A Frenchman, who hasn't seen his American-born 14-year-old daughter in several years, takes her on "the vacation of a lifetime" to the Caribbean. Her heart is besieged by a fellow tourist, a 17-year-old boy whose family has a villa on the island. Embarrassed to admit she's only 14 and on vacation with her father, she introduces her parent as "Andre," and later explains he is her lover.

By way of helpful additional information, she confides that her father is in jail, her mother is a prostitute, and Andre rescued her from a life of depravity on the streets.

Of course this gossip races like wildfire through the tourist community, and before long everyone in the resort is treating Andre like a pervert. He doesn't understand why for the longest time - weeks and weeks, it feels like.

Because "My Father the Hero" stars Gerard Depardieu, the leading actor in France, it has more interest than it might have otherwise. Depardieu is large, stocky and shambling, wears his hair like a mop and has a nose that looks as if it's been in a few fights.

And he is charming. His daughter is played by the sweet and pretty Katherine Heigl, and her teenage boyfriend is the Kennedyesque Dalton James.

A movie like this depends on the tried and true rules of farce, including: (1) People must always overhear what the plot requires them to overhear, but nothing else; (2) Dialogue must be carefully constructed to mean one thing if you're in on the secret, and another thing if you're not; (3) The two "rival lovers" must sooner or later have a showdown; and (4) The farcical situation must result in a series of crises.
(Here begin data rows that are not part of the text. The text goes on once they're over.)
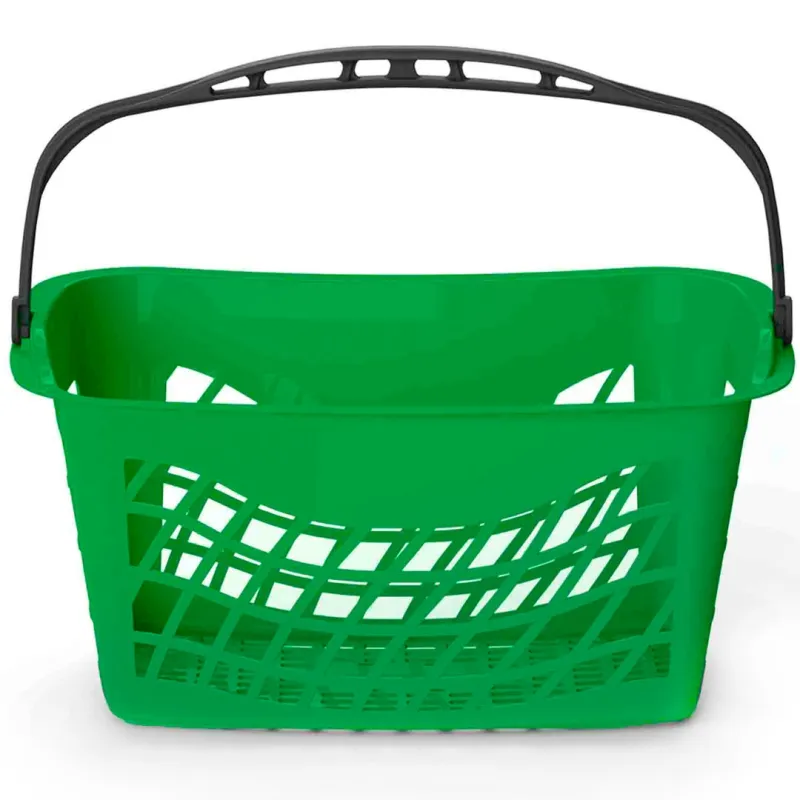 Koszyk sklepowy 26l o szerokości 52cm, głębokości 32cm i wysokości 26cm. Wykonany z tworzywa sztucznego w kolorze zielonym. Na froncie pojemnika znajduje się miejsce z przeznaczeniem na logo. Koszyk posiada jedną składaną czarną rączkę.
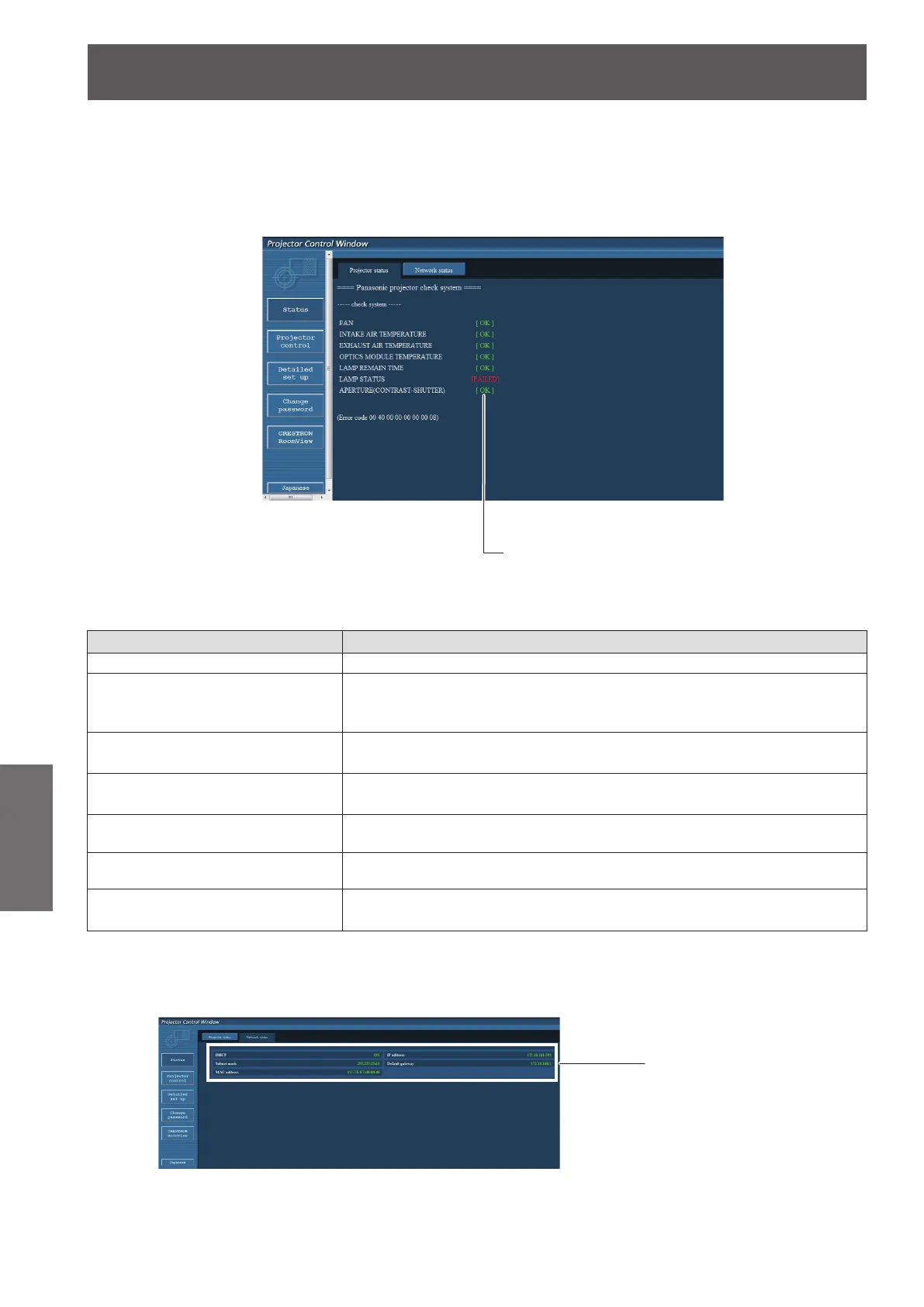 If [Error (Detail)] is displayed in the self-diagnosis information display column on the [Projector status] screen,
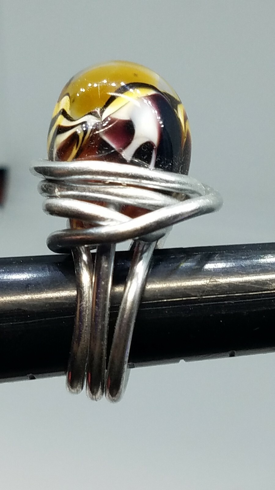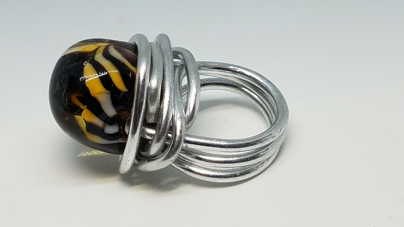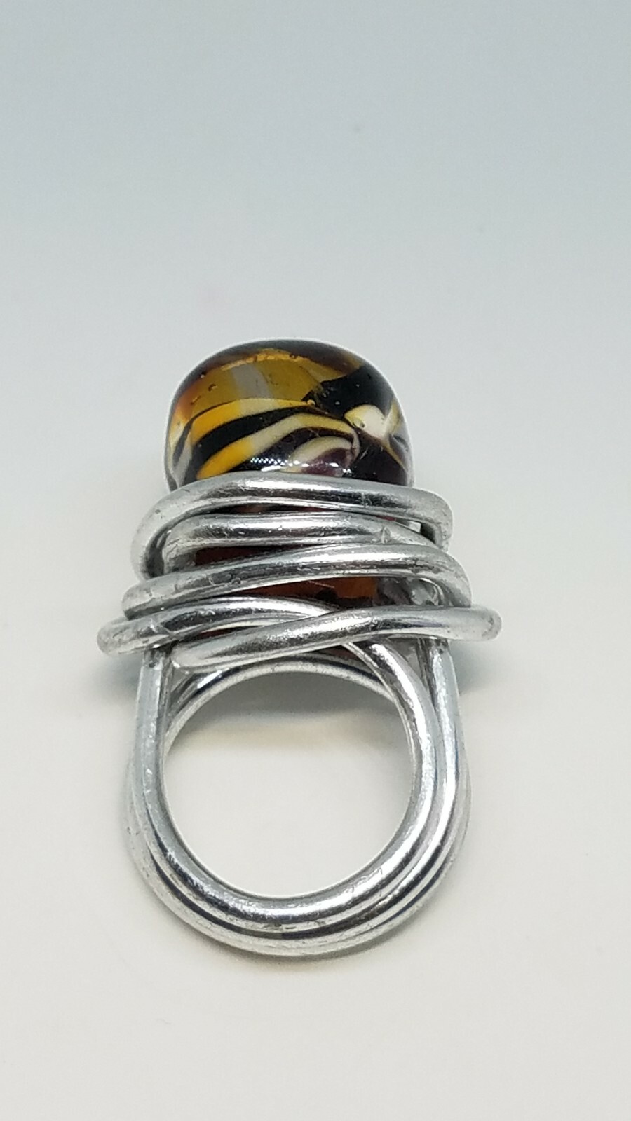 Artisan Art Glass Bead Silver Tone Wire Chunky Ring Size 8
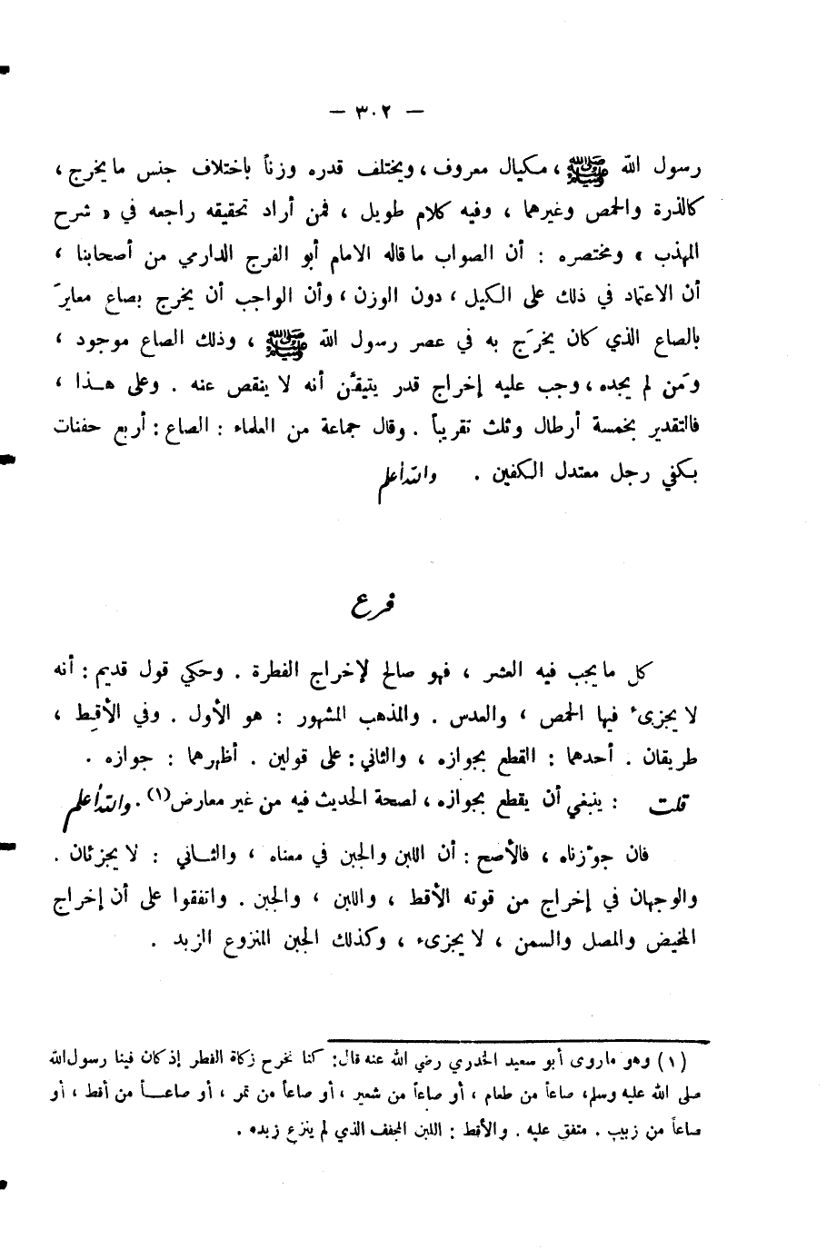 رَسُولِ اللَّهِ - صَلَّى اللَّهُ عَلَيْهِ وَسَلَّمَ -، مِكْيَالٌ مَعْرُوفٌ، وَيَخْتَلِفُ قَدْرُهُ وَزْنًا بِاخْتِلَافِ جِنْسِ مَا يَخْرُجُ، كَالذُّرَةِ وَالْحِمَّصِ وَغَيْرِهِمَا، وَفِيهِ كَلَامٌ طَوِيلٌ، فَمَنْ أَرَادَ تَحْقِيقَهُ رَاجَعَهُ فِي «شَرْحِ الْمُهَذَّبِ» وَمُخْتَصَرِهُ: أَنَّ الصَّوَابَ مَا قَالَهُ الْإِمَامُ أَبُو الْفَرَجِ الدَّارِمِيُّ مِنْ أَصْحَابِنَا، أَنَّ الِاعْتِمَادَ فِي ذَلِكَ عَلَى الْكَيْلِ، دُونَ الْوَزْنِ، وَأَنَّ الْوَاجِبَ أَنْ يُخْرَجَ بِصَاعٍ مُعَايَرٍ بِالصَّاعِ الَّذِي كَانَ يُخْرَجُ بِهِ فِي عَصْرِ رَسُولِ اللَّهِ - صَلَّى اللَّهُ عَلَيْهِ وَسَلَّمَ -، وَذَلِكَ الصَّاعُ مَوْجُودٌ، وَمَنْ لَمْ يَجِدْهُ، وَجَبَ عَلَيْهِ إِخْرَاجُ قَدْرٍ يَتَيَقَّنُ أَنَّهُ لَا يَنْقُصُ عَنْهُ. وَعَلَى هَذَا، فَالتَّقْدِيرُ بِخَمْسَةِ أَرْطَالٍ وَثُلُثٍ تَقْرِيبًا. وَقَالَ جَمَاعَةٌ مِنَ الْعُلَمَاءِ: الصَّاعُ: أَرْبَعُ حَفَنَاتٍ بِكَفَّيْ رَجُلٍ مُعْتَدِلِ الْكَفَّيْنِ. وَاللَّهُ أَعْلَمُ.
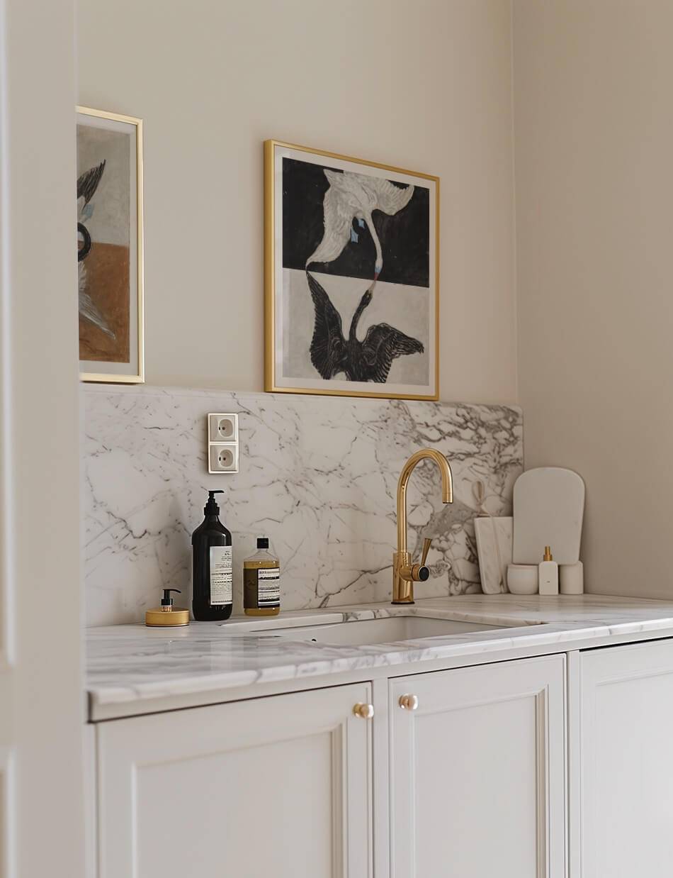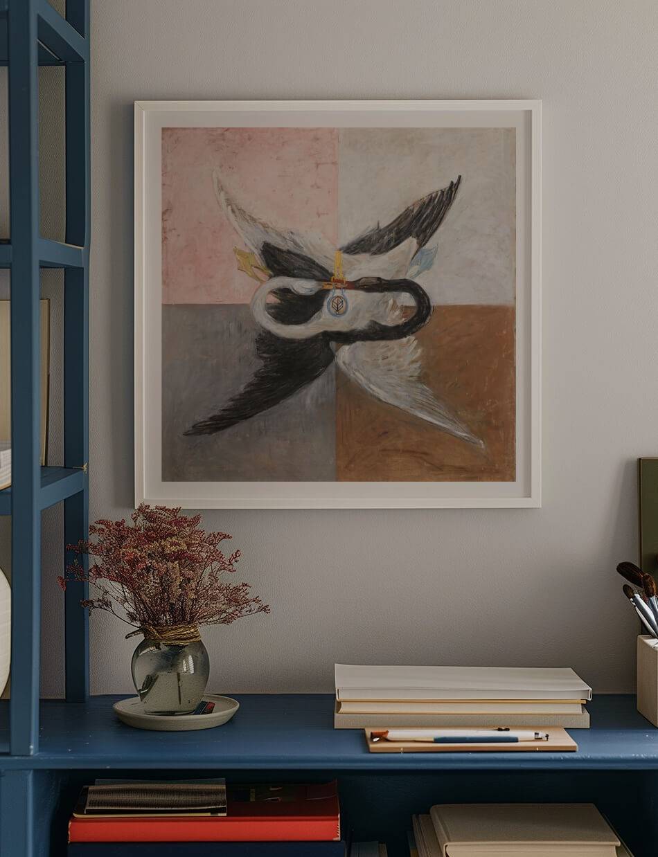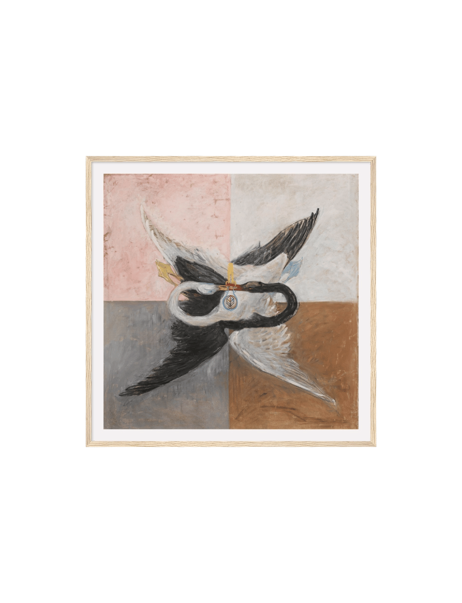 Dette kunstværk af Hilma af Klint, ‘Group IX/SUW, The Swan, No. 24’ afbilder temaerne dualitet og enhed. På lærredet ses to svaner, en sort og en hvid, hvis halse er elegant indviklet i hinanden, hvilket symboliserer balancen mellem modsætninger. Baggrunden er opdelt i fire kvadrater, hver med en forskellig farvetone, der fremhæver kontrasten og harmonien mellem svanerne. Et symbol i midten af billedet repræsenterer en dybere spirituel forbindelse, der inviterer til at reflektere over forholdet mellem lys og mørke, kærlighed og had, og hvordan de to kan forenes i en harmonisk helhed.

"My Father the Hero" is particularly awkward when it comes to the fourth category. Angered that the girl of his dreams is being ravished by an unscrupulous older man, the teenager takes Depardieu on a wild water-ski ride, where Depardieu, at top speeds, narrowly misses rocks, low ropes, large freighters, etc., while hanging on for his life. The possibility that he could simply let go of the rope does not occur to him. Later, the teenage daughter goes windsurfing and gets into "danger," which means she bangs into a rock not far from shore.

Uninjured, could easily hold onto it for hours - or even sit on it, if she wants to. Instead, she screams for help, and her father and boyfriend both brave the waves to rescue her, with inevitable results.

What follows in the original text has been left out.